Des histoires d’ovules, de vaches et de contes pour enfants, voilà le livre de Katarina Mazetti, intitulé » le mec de la tombe d’à côté » parce que mademoiselle tombe amoureuse du mec qui entretient la tombe voisine de celle de son copain décédé. Disons le tout de suite, malgré une quatrième de couverture qui s’échine à parler » d’humour décapant » et » d’érotisme ébouriffant » le livre n’est pas bon. A la rigueur, je préfère le bon vieux livre à l’eau de rose, là au moins on sait à quoi s’attendre.
Le problème récurrent des résumés de livre c’est qu’ils sont calculés pour nous donner envie de les acheter, alors, pour plus de sécurité, je fais ici un résumé un peu méchant.
Désirée, aussi appelé » crevette » vient de perdre son petit copain. Elle est veuve, encore jeune, et possède des ovules qui s’agitent follement, genre il me faut un bon spermatozoîde pour que je puisse sortir et voir comment est le monde. Benny, lui, est un jeune paysan qui vient de perdre sa maman. Il hérite du domaine familial. Une ferme c’est du travail, surtout quand les vaches donnent des coups de pattes au lieu de se laisser traire. C.’est deux là se rencontrent au cimetière. Un sourire, libéré d’un instant, un regard, complicité mutuelle mais incertaine, et voilà l’amour qui arrive à bride abattue.
On sait que les histoires d’amours finissent mal en général, c’est une manière de dire qu’il y a toujours des problèmes dans les histoires d’amour. Ici, le problème c’est la culture ; paysan aimant les combats de tracteurs, versus, citadine aimant Jacques Lacan et la poésie. Benny et Désirée décident de tenter quelque chose après ce sourire, enfin ils ne décident rien, c’est la passion qui mène la danse, qui virevolte tellement que Désirée sent sa poitrine rougir, cela est soi-disant la marque d’un orgasme intense, changeant ainsi la donne de son ancien partenaire qui abordait la chose plutôt rationnellement et manquait ainsi le bouton » on « .

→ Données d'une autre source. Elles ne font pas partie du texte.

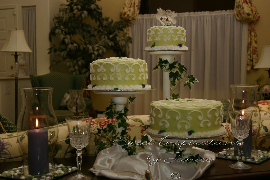 Thanks for the nice compliments. And yes, veejaytx I did do a "dress rehearsal" as I thought I would have to set up the cake table at the wedding. Fortunately the wedding coordinator at the hotel set up the cake table, but I was still 10 minutes late for the wedding because of working on the cakes with about an hour and a half sleep. Thought I was superwoman and found out I wasn't. lol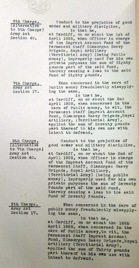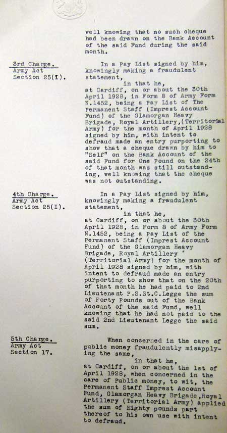 1928 Jul 28 he was courtmartialed over a cheque fraud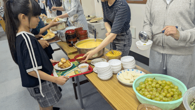 そして、そのアサリを調理してくれる食育部の皆さんは、気温が暑くなってきたせいで台所の中は蒸し風呂状態ですが、子どもたちのために調理してくれました。本当にいつもありがとうございます。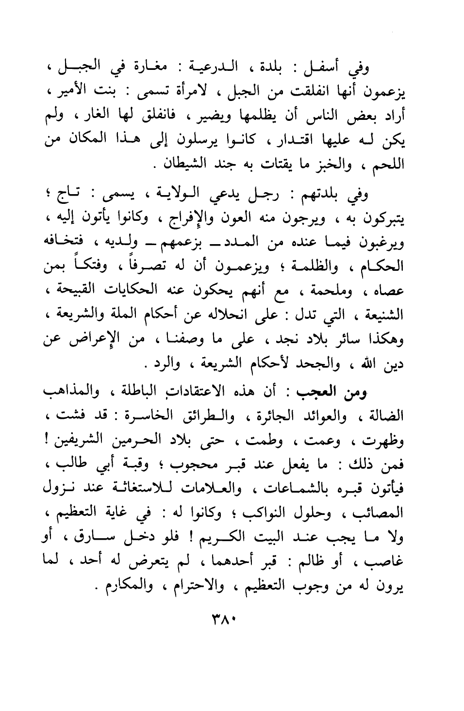 ومن العجب أن هذه الاعتقادات الباطلة، والمذاهب الضالة، والعوائد الجائرة، والطرائق الخاسرة قد فشت وظهرت، وعمت وطمت، حتى بلاد الحرمين الشريفين! فمن ذلك: ما يفعل عند قبر محجوب، وقبة أبي طالب، فيأتون قبره بالشماعات والعلامات للاستغاثة عند نزول المصائب، وحلول النواكب، وكانوا له في غاية التعظيم، ولا ما يجب عند البيت الكريم! فلو دخل سارق أو غاصب أو ظالم قبر أحدهما، لم يتعرض له أحد، لما يرون له من وجوب التعظيم والاحترام والمكارم.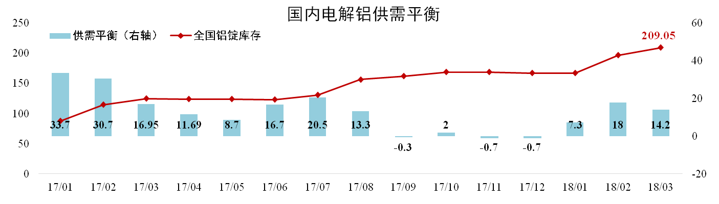 發(fā)稿時間:2018-04-27據(jù)阿拉丁數(shù)據(jù),3月份我國電解鋁產量302萬噸,同比下跌2.89%,環(huán)比上升9.14%。凈進口0.2萬噸,總供應量302.2萬噸,總消費量288萬噸,當月理論供應過剩14.2萬噸。3月底全國鋁錠庫存209.05萬噸,環(huán)比上漲6.22%。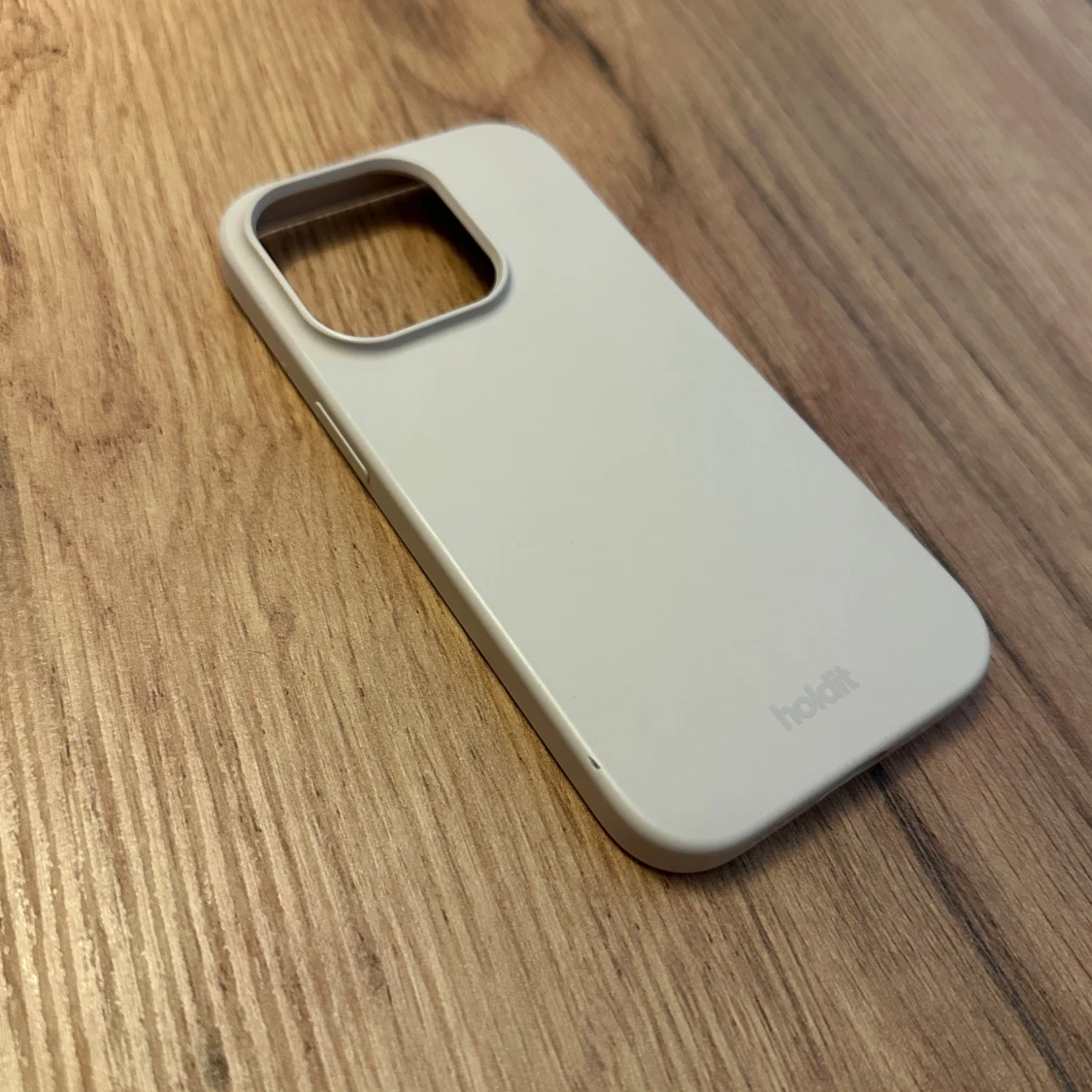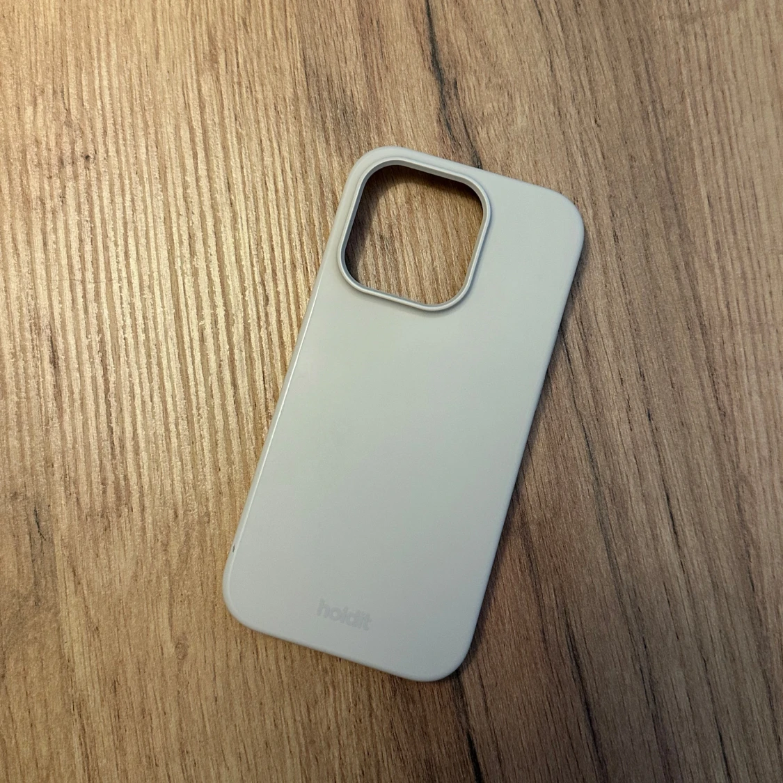 Säljer ett beige skal från Holdit för iPhone 14 pro, i fint skick! Finns två små märken på, se bild, men inget som stör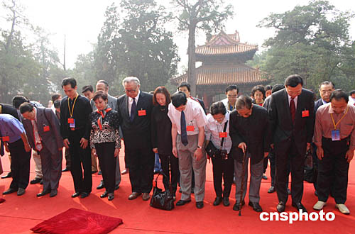 專程從海外趕來的孔子海外后裔,在大成殿前集體祭拜先祖。作者:鞠成利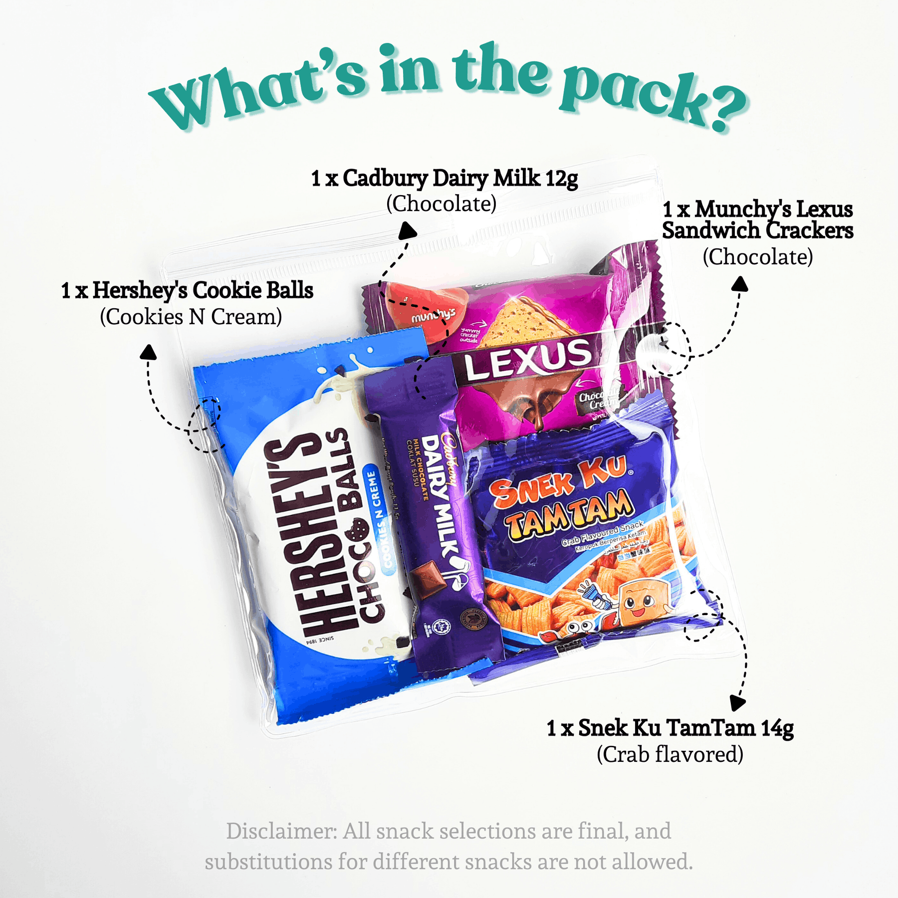 • Snacks in the pack are fixed and cannot be replaced, so you can be assured every pack is prepared the same way with quality in mind.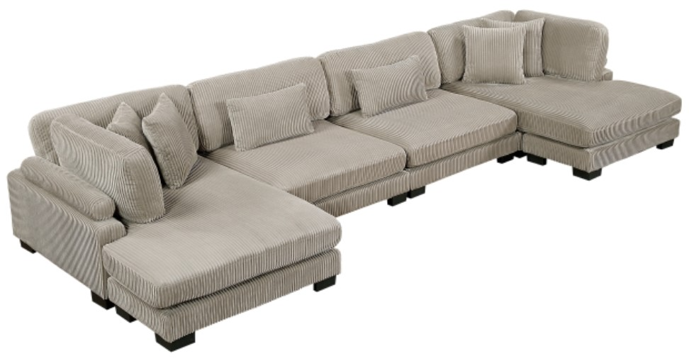 Configurable to your available space, the Traverse Collection allows for the addition and detachment of pieces for a customized seating experience. The 4-piece sectional configuration consists of two armless chairs with two chaises. The taupe corduroy fabric upholstery creates a plush expanse for a soft touch experience.Read More
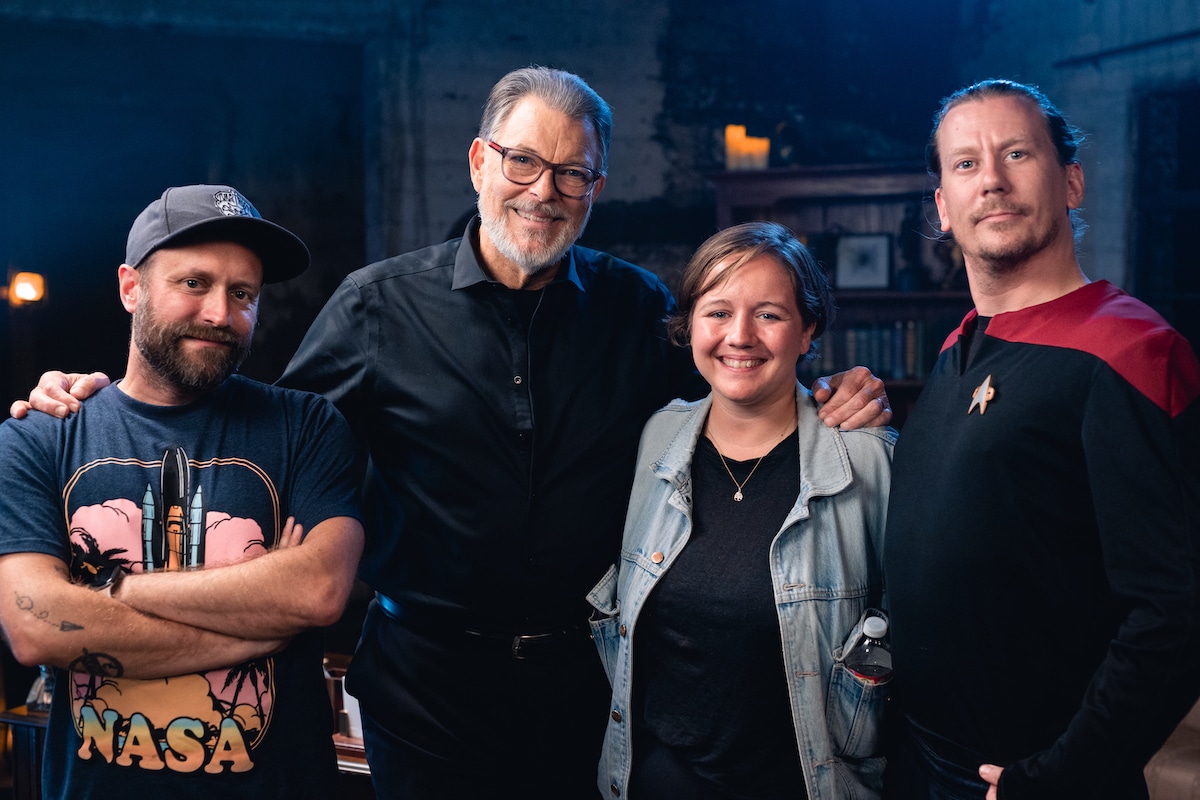 Gelungenes Reboot: Showrunner Holger B. Frick, Moderator Jonathan Frakes, Produktionsleiterin Lisa Tetrop und Produzent Benjamin Munz – in Anspielung auf Frakes Rolle in „Star Trek – The Next Generation“ in Starfleet-Uniform (Foto: Marshall Hall)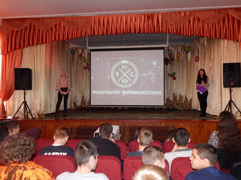 Сподобалась юнацтву профорієнтаційна зустріч із студентками Запорізького національного університету, які розказували та під супровід слайдів презентації і тематичних відеосюжетів демонстрували переваги навчання саме на факультеті журналістики.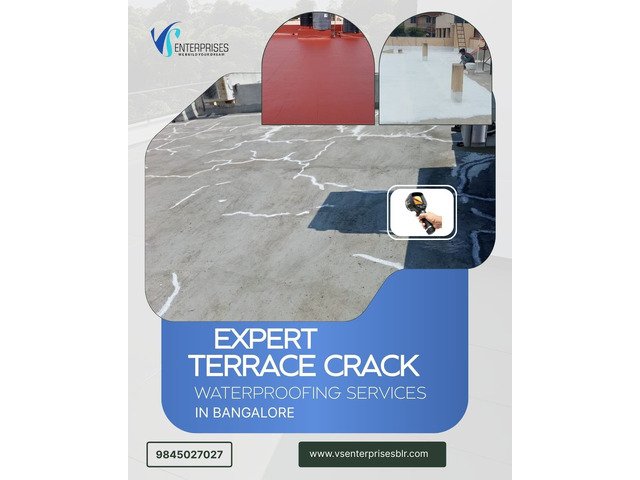 VS Enterprises provides expert terrace crack waterproofing services in Bangalore, offering effective solutions to prevent water leakage and structural damage. Our skilled waterproofing contractors specialize in terrace floor crack filling and repair, using advanced materials and proven techniques to seal cracks permanently. We carefully assess the condition of the terrace to identify weak points and apply the right waterproofing treatment for long-lasting results. By stopping seepage at an early stage, we help protect your building from dampness and costly repairs. We offer reliable, durable, and cost-effective terrace crack waterproofing services across Bangalore.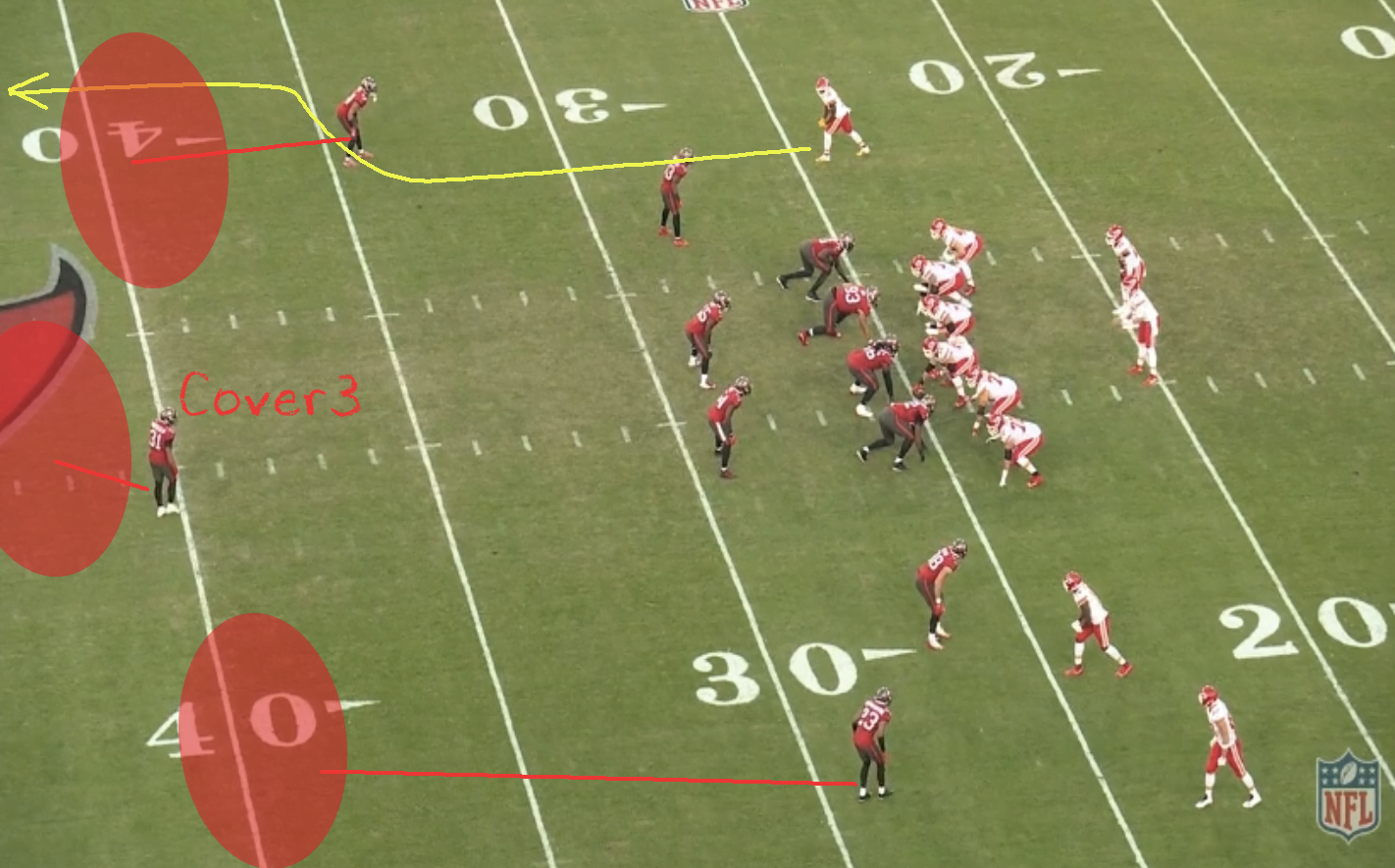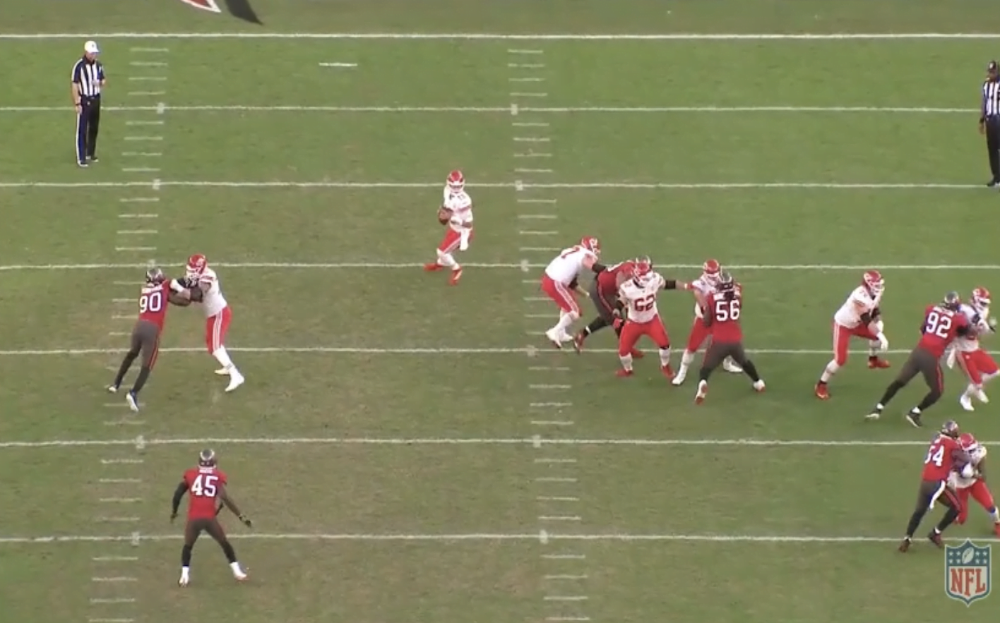 A legtöbb csapat ugyebár 2-high safetyvel védekezik a Chiefs ellen, félve a mély passzoktól (jogosan), így idén kevesebb olyan találkozót láttunk, ahol ennyire be tudott volna indulni a Kansas City támadósora. Persze gondot ez sem okozott, ha a mélyet elvette a védelem, akkor rövid és középtávoli játékokkal oldották meg a helyzeteket. A Buccaneers viszont agresszíven kezdte a találkozót, sok single high safety felállást választott és sokat emberezett. Erre pedig alaposan ráfázott.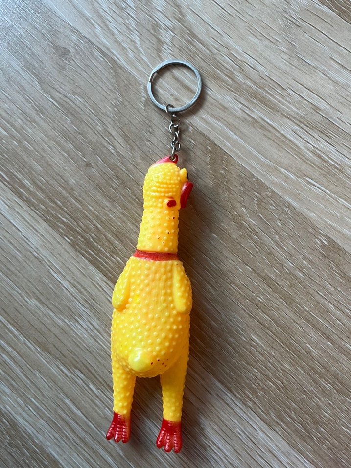 Püsküllü, sarı tavuk figürlü anahtarlık. Bohem ve minimalist tarzlara uygun, retro ve eğlenceli tasarım.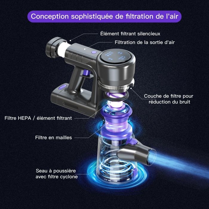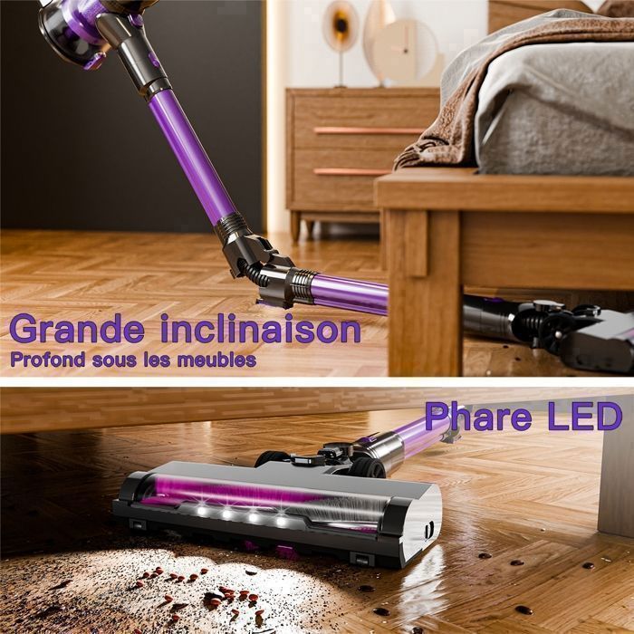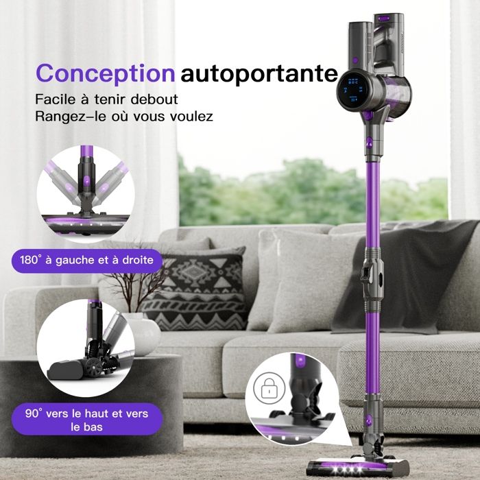 | Fonctions spéciales | Baguette pliable pour le nettoyage sous les meubles, buse de sol éclairée et motorisée, légère, rangement autonome, mode portable polyvalent |

Qu.’est-ce que cela va donner ? Qui va embrasser l’autre dans sa vie ? Qui va mettre un coup de poing à l’autre ? Sur qui parier ? Voilà les questions du livre. Des questions sérieuses qui sont, de fait, très intéressantes mais qui sont traitées caricaturalement et, par moment avec un excès de prétention, si bien que l’on tombe rapidement dans un ridicule social teinté d’une histoire d’amour classique. Je préfère le classicisme quand il est seul, ou bien accompagné d’une poésie qui produit un espace d’incertitude et de liberté. Ici, il n’y a pas de liberté.
l’agréable est dans la vitesse de lecture. à‡a pulse, en deux temps trois mouvements on atteint la deux cent cinquantième page, c’est la fin, et on est heureux que cela soit fini. Calmez vous, je ne dévoile rien, de toutes façons il n’y a rien à dévoiler. Les deux protagonistes composent le livre, leurs pensées sur l’un, sur l’autre, ou sur d’autres choses, nous sont livrées sans complexe, ce qui propulse le lecteur à se transformer gentiment en yoyo.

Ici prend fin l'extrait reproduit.